Einer boxte ihn mit aller Kraft auf die Nase, noch einmal und noch einmal…
Hilflos versuchte sich der fette Wucherer mit den Händen zu schützen, doch der nächste Schlag streckte ihn zu Boden.
„Au! Jungens! Warum haut ihr mich?“ jaulte er, aber die Hiebe prasselten weiter.
Sie verprügelten ihn lange, mit einer Erbitterung, in der sich ihr ganzes Hungerdasein Luft machte. Endlich kamen sie zur Besinnung. „Schluß. Zum Teufel mit der Drecksau!“ keuchte Türke. „Schluß! Laßt ihn. Kommt.“
Jämmerlich zerschunden hockte Slajonow neben dem Abort in der Ecke und wischte sich schluchzend mit dem Ärmel das Blut ab, das ihm aus der Nase lief. Die Jungen gingen hinaus. Mit Windeseile verbreitete sich die Nachricht von dem Fall in der ganzen Schkid.
Die Großen hielten in der unteren Toilette eine Versammlung ab, in der sie die Resolution faßten, alle Schulden für liquidiert, die Sklaverei für aufgehoben zu erklären und in Zukunft derartige Dinge zu verhindern.
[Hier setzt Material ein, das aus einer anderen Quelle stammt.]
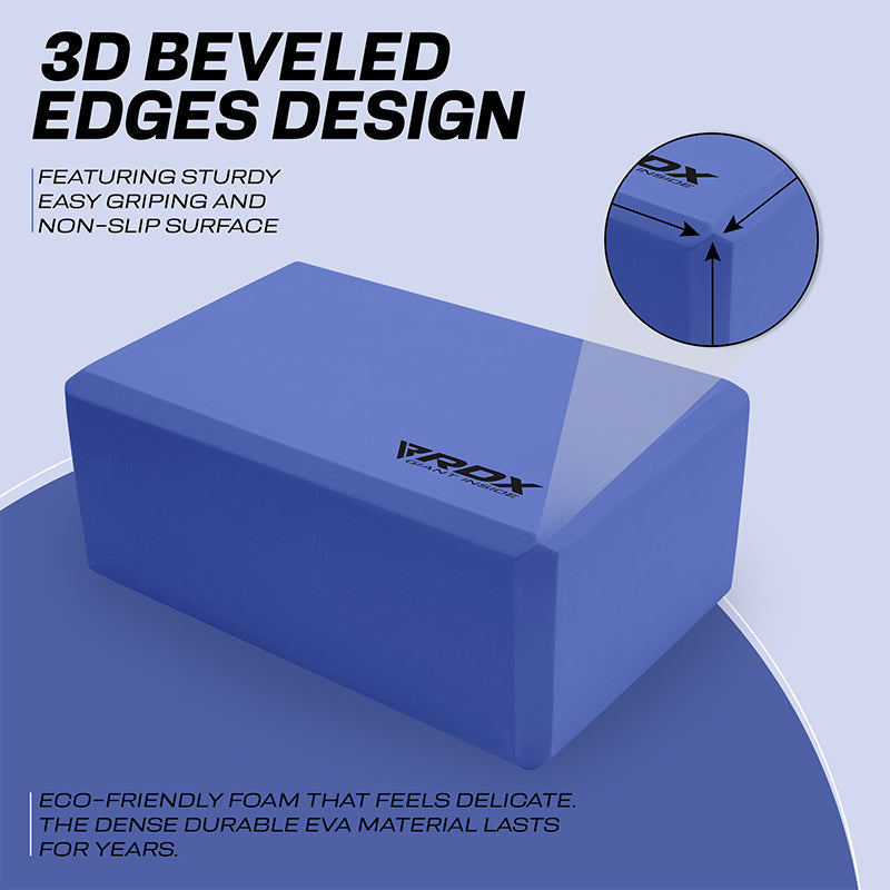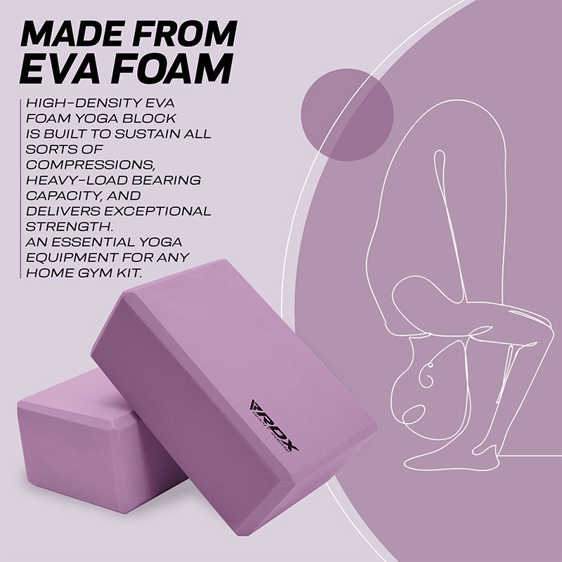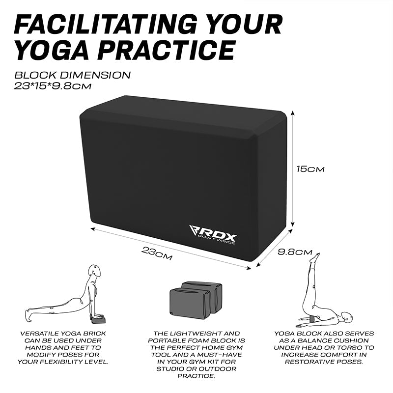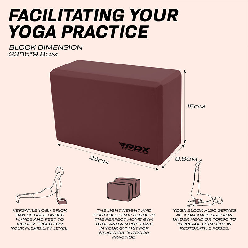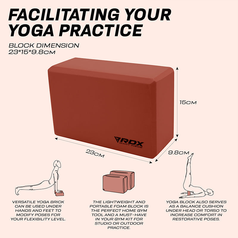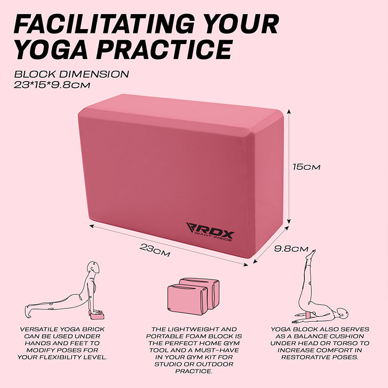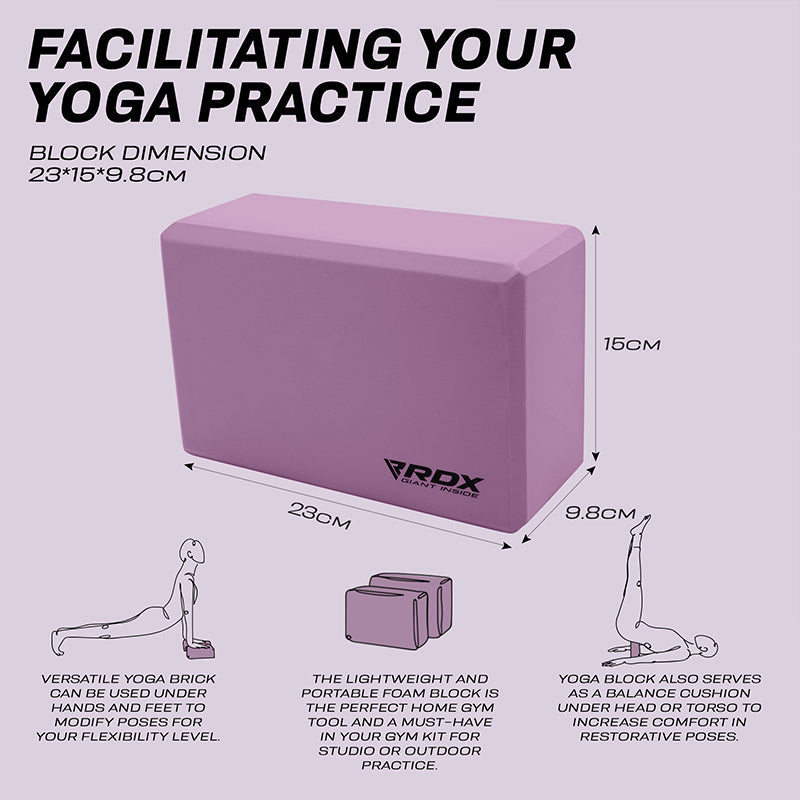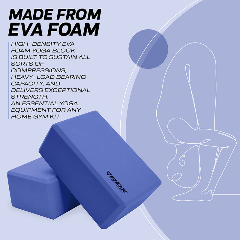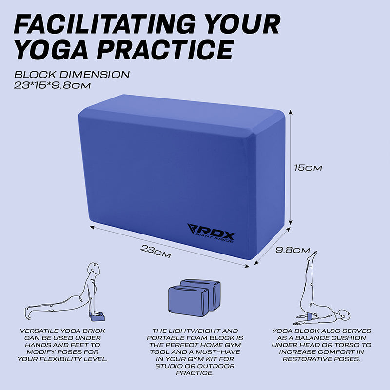 Cultivate healthy energy flow by bringing balance and alignment in your form and everyday life with the RDX EVA Foam yoga blocks. Add this optimally sized yoga block (23*15*9.8cm) to your home gym essential and yoga accessories for increased versatility in your practice. Made for beginner and intermediate yogis alike, this sturdy foam yoga block provides strong support for your bridge poses, and comfortable lift to perfect your alignment in the crescent moon stance.Lightweight and compact design facilitates block-assisted yoga practice anywhere whether it's in your room or under the shade of a giant oak tree. Sturdy, high-density foam yoga block delivers exceptional strength to help prolong your poses and holds its position even under considerable weight. It also retains shape after all sorts of compressions for long-lasting durability. Eva foam material offers a non-abrasive surface that increases comfort while you flex and stretch out during practice, or ease-into restorative poses. Use the yoga brick under your hands and feet to deepen stretches, improve flexibility and modify poses to match your difficulty level. It also serves as meditation cushion under your head and torso to relax and ensure proper alignment. The soft block is gentler on the joints and muscles during arm balances and backbends, which reduces the strain on muscles and the chances of injury. Non-slip textured surface offers superior traction for the stability and balance needed in your practice to maintain control of movement and improve alignment. Slightly bevelled edges provide a firm and easy-grip surface so you can confidently conquer even the more advanced yoga poses. Get additional help by looking up poses from the included exercise manual.Pick the colour that matches your style to energize your routine and turn functional yoga into art.

Die Schkid, die sechs Wochen lang gehungert hatte, atmete befreit und glücklich auf.
Die Sklaven von gestern waren wie erlöst, aber auch die Großen fühlten sich erleichtert.
Der Druck, der auf allen gelastet hatte, war verschwunden. Sie erkannten, daß sie großenteils die Schuld daran getragen hatten, und freuten sich nun um so mehr, daß das Unrecht durch ihre Mitwirkung wiedergutgemacht war.
Slajonows Sturz hatte sich schnell und überraschend vollzogen, als eine Katastrophe, die er niemals erwartet hatte. Mit einem Schlage hörten seine sämtlichen Einkünfte auf, mit einem Schlage wurde er ein hilfloses Häufchen Unglück. Und was das schlimmste war — er hatte keinen einzigen Freund. Alle gingen ihm aus dem Wege. Selbst Kusja, der noch gestern vor ihm auf den Knien gelegen hatte, sah ihn jetzt bloß verächtlich über die Schulter an.
Zwei Tage später wurde Sawuschka aus dem Karzer entlassen und von jeder Schuld freigesprochen.
Die Schkider waren wie ein Mann für ihn eingetreten, und die Großen hatten Vikniksor von den Untaten des großen Wucherers berichtet.
Als Sawuschka frei war, verprügelte er Slajonow noch einmal, und am nächsten Tage wurde der einstmals allmächtige Wucherer selbst in den Karzer gesteckt. Doch zu ihm kam niemand, um ihn in seiner Haft zu trösten.
Ein paar Tage danach war Slajonow verschwunden. Die Tür zum Karzer stand offen, das Schloß war erbrochen und Slajonow aus der Schkid entflohen.
Einige behaupteten, er sei nach Sewastopol gefahren, andere meinten, er wohne in Ligowka bei seinen alten Kumpanen, den Taschendieben.
Aber das waren nur Gerüchte.
Slajonow blieb endgültig verschwunden.
So endeten die Untaten des großen Wucherers — eines der schwersten, schmutzigsten Kapitel aus der Geschichte der Republik Schkid.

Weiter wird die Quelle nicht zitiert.